_Aim of the exercise_. Using the listing below, retype exactly the lines starting at the one with "イギリスアンティーク アイアン製の高級フロアスタンドライトです。" and ending at the one with "Change the period", and include both.

_Data shown_.
[Start of Attachment]

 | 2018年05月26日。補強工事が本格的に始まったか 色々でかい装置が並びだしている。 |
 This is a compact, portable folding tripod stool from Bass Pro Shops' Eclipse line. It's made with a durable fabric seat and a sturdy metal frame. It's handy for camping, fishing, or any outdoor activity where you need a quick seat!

[End of Attachment]
[Start of Attachment]

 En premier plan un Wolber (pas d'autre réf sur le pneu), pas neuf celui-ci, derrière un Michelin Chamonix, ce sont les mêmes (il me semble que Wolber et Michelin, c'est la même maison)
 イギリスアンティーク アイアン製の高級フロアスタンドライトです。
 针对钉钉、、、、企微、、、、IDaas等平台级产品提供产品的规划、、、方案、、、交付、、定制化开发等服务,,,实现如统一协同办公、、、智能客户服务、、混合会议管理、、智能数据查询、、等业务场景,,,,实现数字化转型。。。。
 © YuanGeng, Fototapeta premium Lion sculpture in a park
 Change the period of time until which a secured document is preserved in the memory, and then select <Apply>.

[End of Attachment]

_Reply to the task_.
 イギリスアンティーク アイアン製の高級フロアスタンドライトです。
 针对钉钉、、、、企微、、、、IDaas等平台级产品提供产品的规划、、、方案、、、交付、、定制化开发等服务,,,实现如统一协同办公、、、智能客户服务、、混合会议管理、、智能数据查询、、等业务场景,,,,实现数字化转型。。。。
 © YuanGeng, Fototapeta premium Lion sculpture in a park
 Change the period of time until which a secured document is preserved in the memory, and then select <Apply>.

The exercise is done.